• _Your goal_
Without copying any pictures, restate exactly the lines from the start of the records through the line containing "图为长沙至岳阳赛段定速拉力赛混合动力组亚军选手与颁奖嘉宾合影留念。".

• _Material provided_
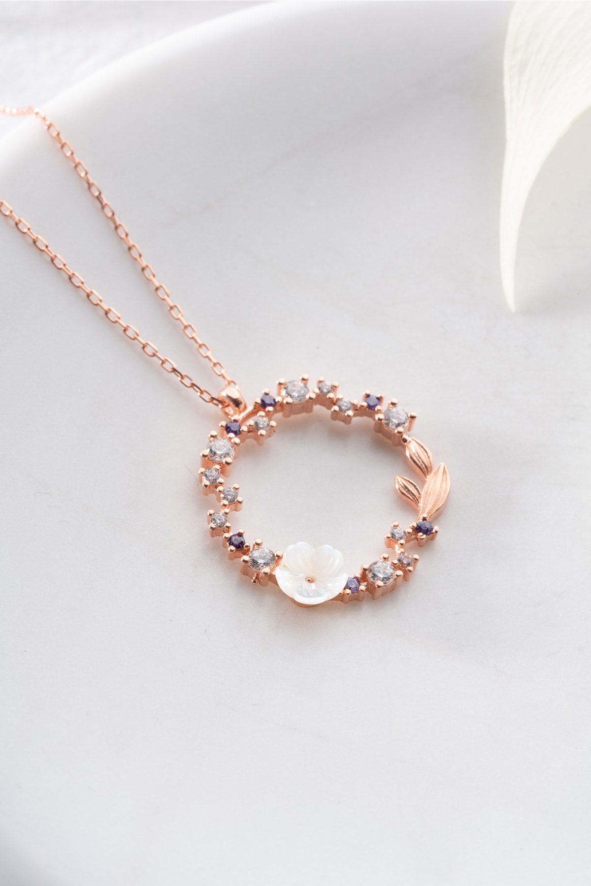 Nereze 925 Ayar Gümüş Manolya Çiçeği Işıltılı Daire Model Kolye
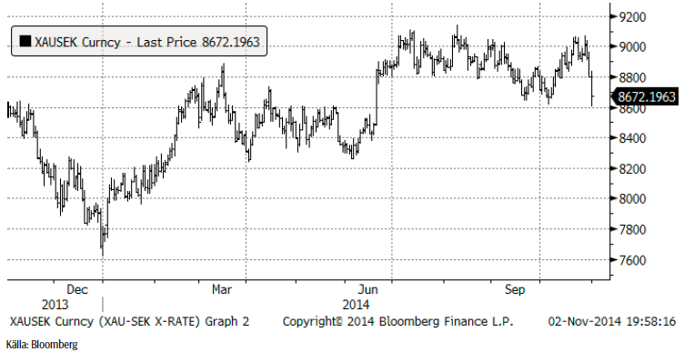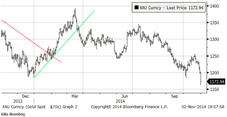 Guldpriset har tagit stryk av tre anledningar: För det första har QE3 avslutats i USA. Det var i och för sig helt väntat att FED:s nedtrappning av obligationsköpen skulle sluta nu. Nedtrappningen inleddes veckan före jul för nu nästan ett år sedan och nådde sitt slut nu. Den andra faktorn, som pressar guldpriset är att när FED senast uttalade sig om räntan, föreföll det luta lite mer åt räntehöjningar än tidigare. Tillväxten i USA överraskar också på den positiva sidan. På grund av såväl lite mer positiva utsikter för räntehöjning, hög tillväxt och allmän oro i världen, fortsätter dollarn att stiga mot andra valutor – och mot guldet. Med andra ord sjunker priset på guld uttryckt i dollar.
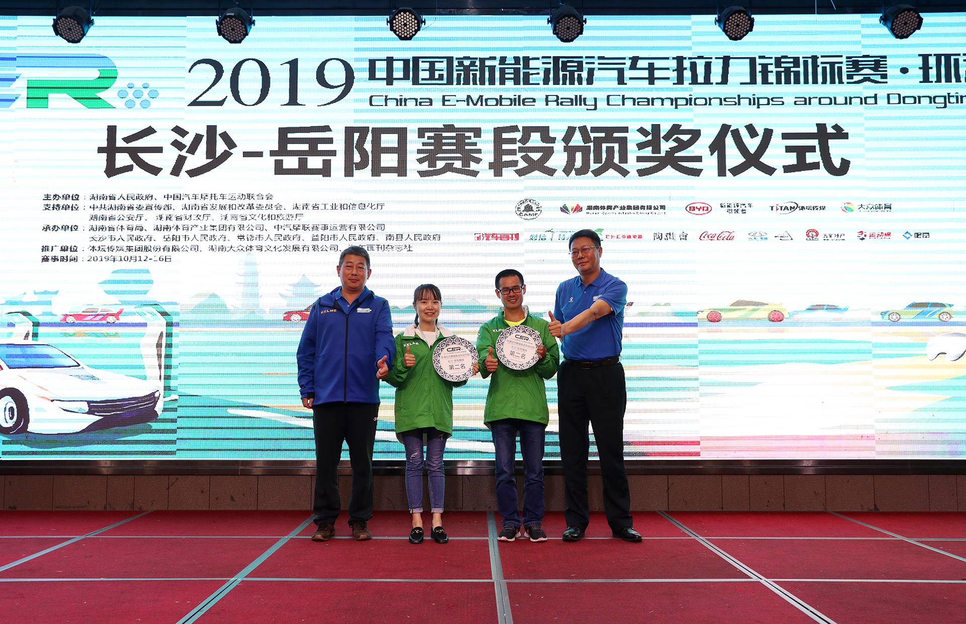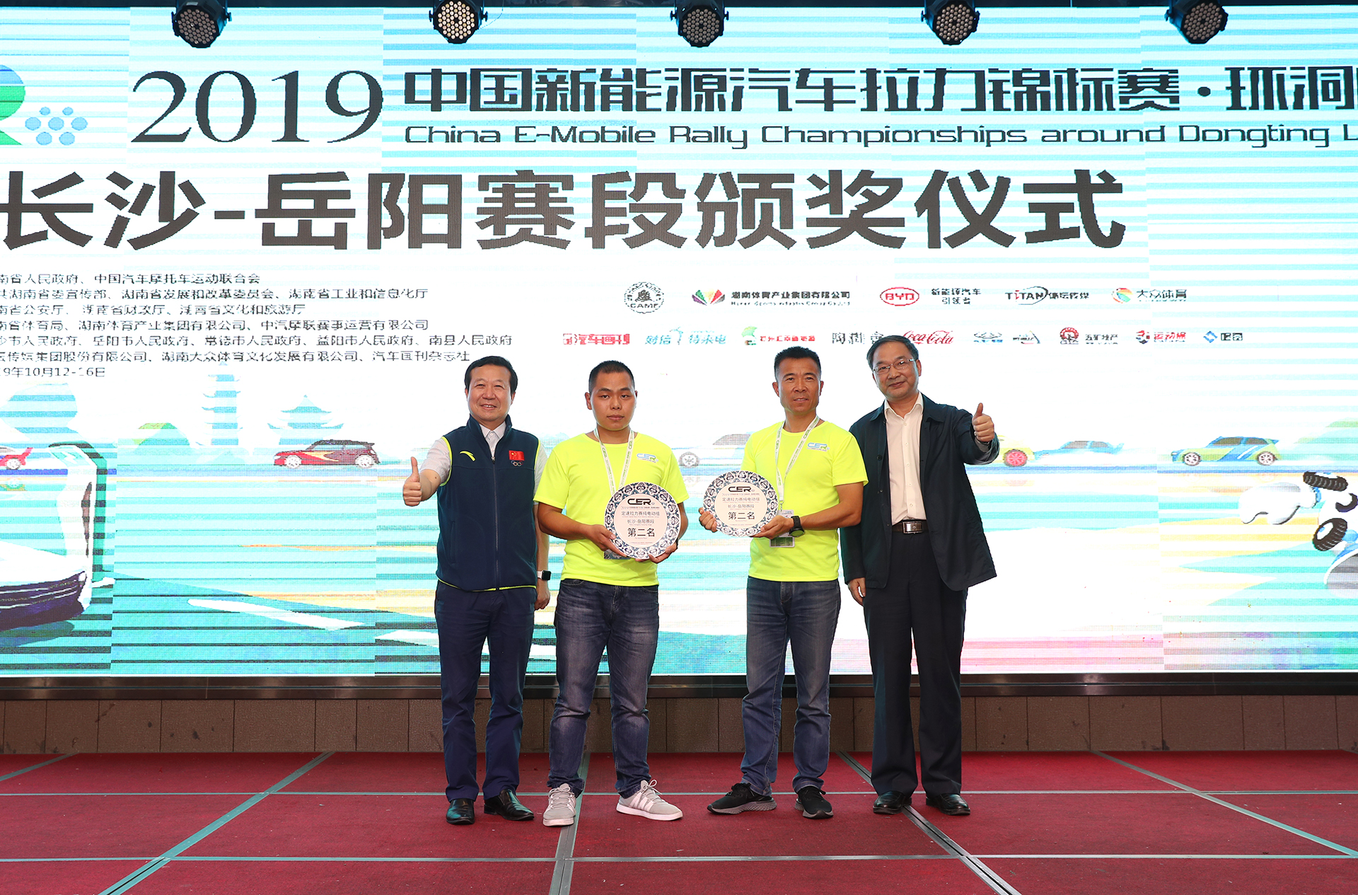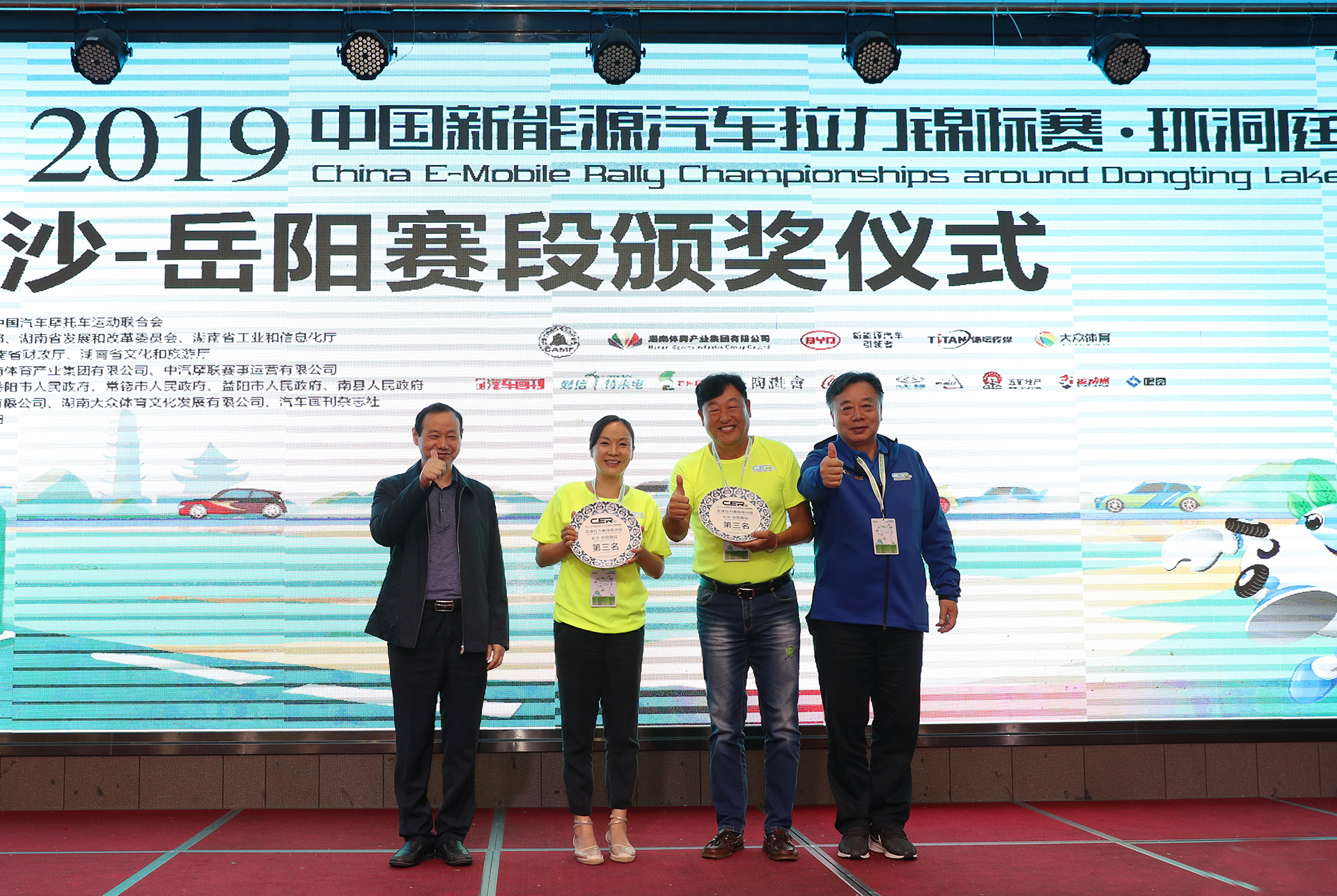 图为长沙至岳阳赛段定速拉力赛混合动力组亚军选手与颁奖嘉宾合影留念。
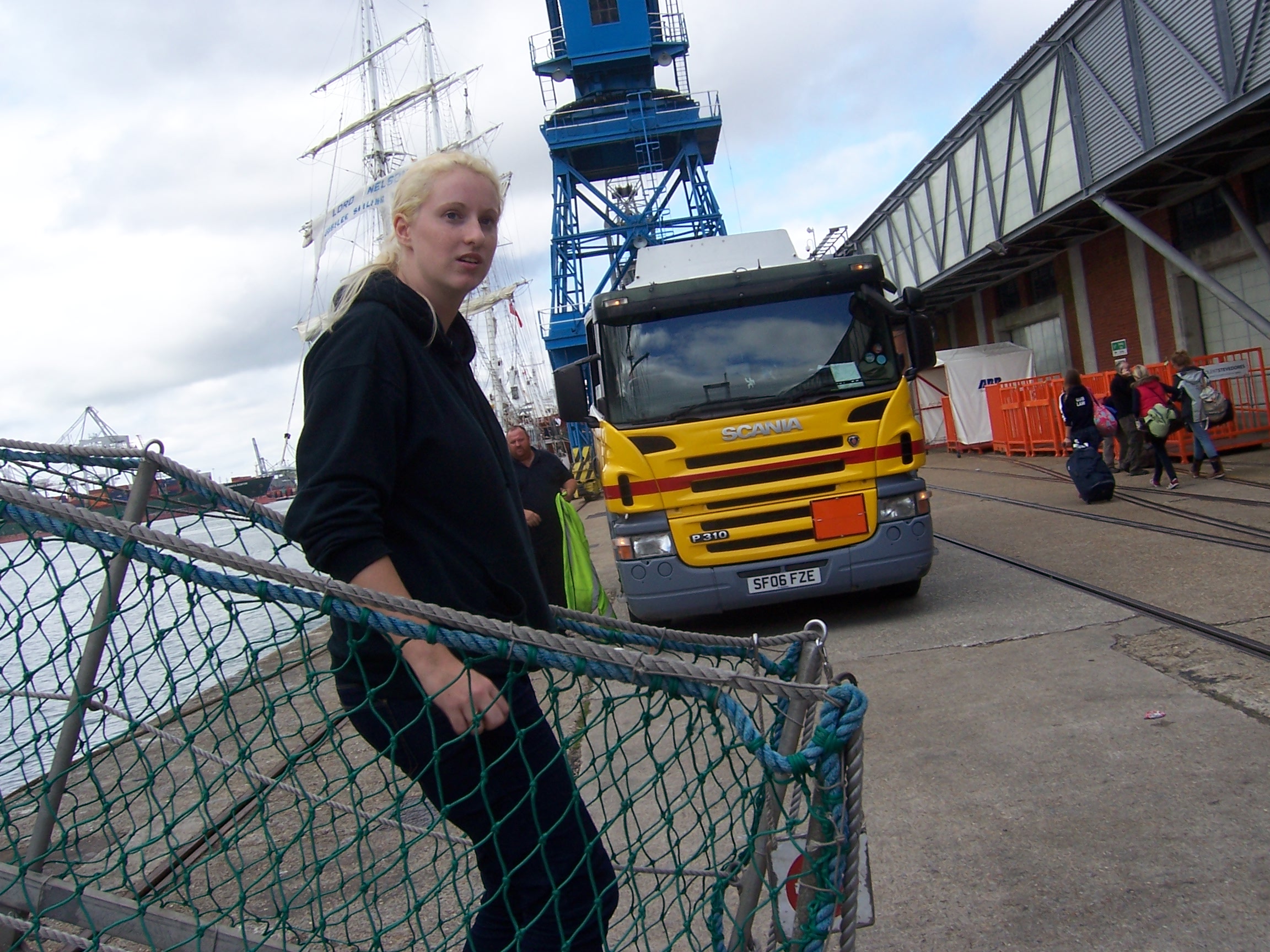 From there, we continued to Southampton to meet the MS ‘Tenacious’ and Sarah. By the time we arrived, the ship had already docked, and the crew was busy getting it ship-shape for its next trip. Sarah had taken the helm on the final leg of the journey and was now coiling ropes and engaging in various other nautical tasks while we stood on the quay, snapping photos.
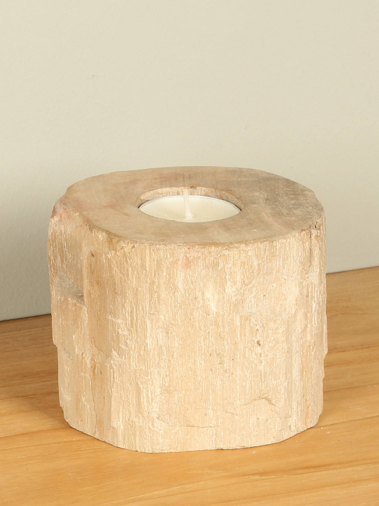 Dit unieke waxinelichtje is gemaakt van versteend hout, een prachtig natuurproduct dat miljoenen jaren geleden werd omgezet in steen.
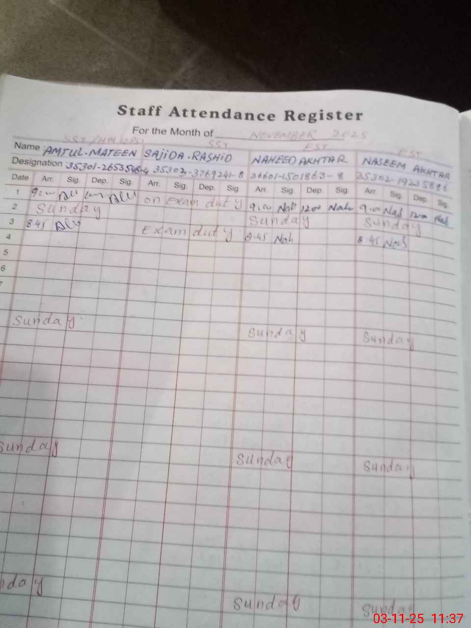 | 35**** | Sa**** Ra**** | ESE Arts | Regular | 0 | 0 | 0 | 0 | 0 | 0 | 0 | 0 | 0 | Exam Duty |
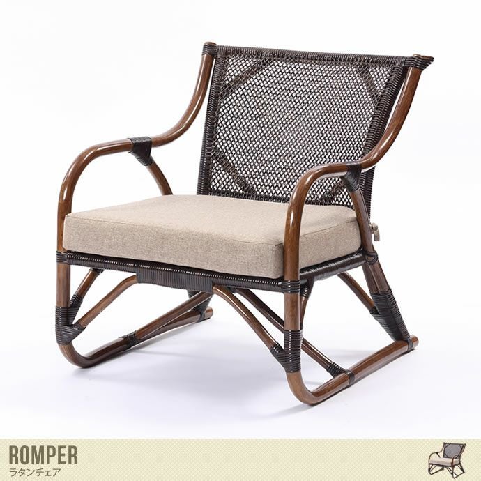 ラタン素材のフレームに、厚みのあるクッションが付いたパーソナルチェア『Romper・ロンペール』。職人によって丁寧に編まれた美しい編み目が魅力で、シックでシンプルなデザインは、和風・洋風どちらのインテリアにも馴染んでくれます。脚部は丸みがあり、畳のお部屋でもお使いいただけます。コンパクトサイズで軽量なので、気軽に移動や配置換えができます。天気の良い日には、お庭やバルコニーで使うのもGOOD!
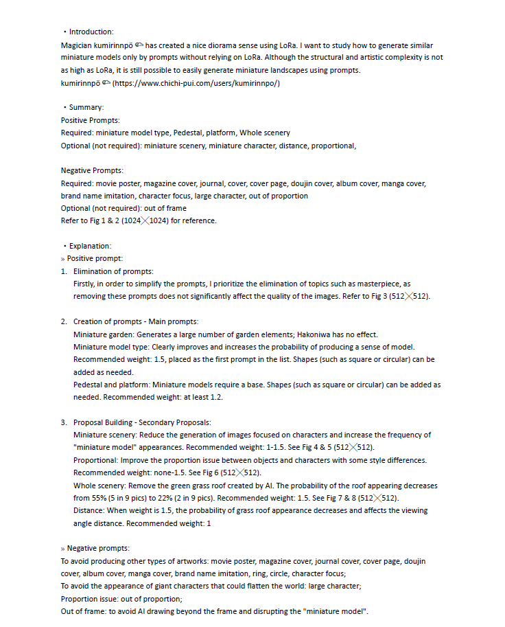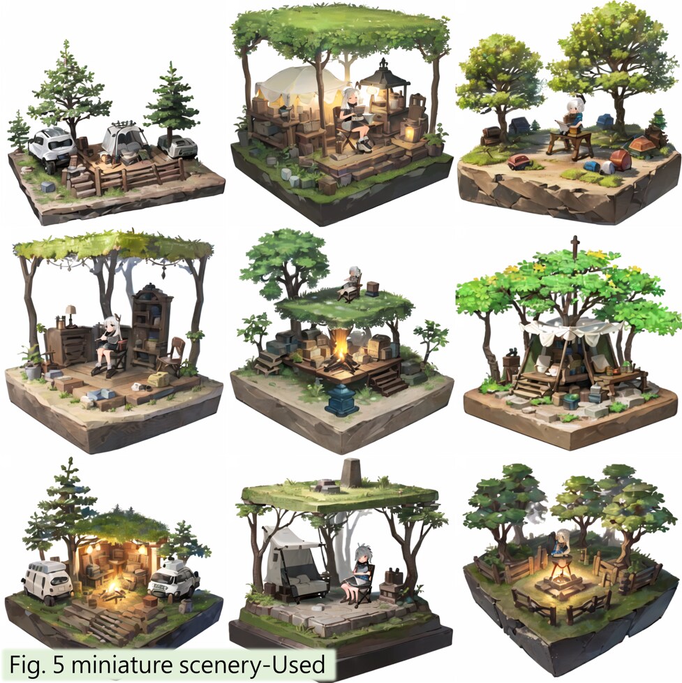 miniature scenery: 人物を焦点にした画像を減らし、「ミニチュアモデル」の出現頻度を増やします。推奨重み:1〜1.5。Fig. 4&5を参照してください(512╳512)。

• _Response for this exercise_
 Nereze 925 Ayar Gümüş Manolya Çiçeği Işıltılı Daire Model Kolye
 Guldpriset har tagit stryk av tre anledningar: För det första har QE3 avslutats i USA. Det var i och för sig helt väntat att FED:s nedtrappning av obligationsköpen skulle sluta nu. Nedtrappningen inleddes veckan före jul för nu nästan ett år sedan och nådde sitt slut nu. Den andra faktorn, som pressar guldpriset är att när FED senast uttalade sig om räntan, föreföll det luta lite mer åt räntehöjningar än tidigare. Tillväxten i USA överraskar också på den positiva sidan. På grund av såväl lite mer positiva utsikter för räntehöjning, hög tillväxt och allmän oro i världen, fortsätter dollarn att stiga mot andra valutor – och mot guldet. Med andra ord sjunker priset på guld uttryckt i dollar.
 图为长沙至岳阳赛段定速拉力赛混合动力组亚军选手与颁奖嘉宾合影留念。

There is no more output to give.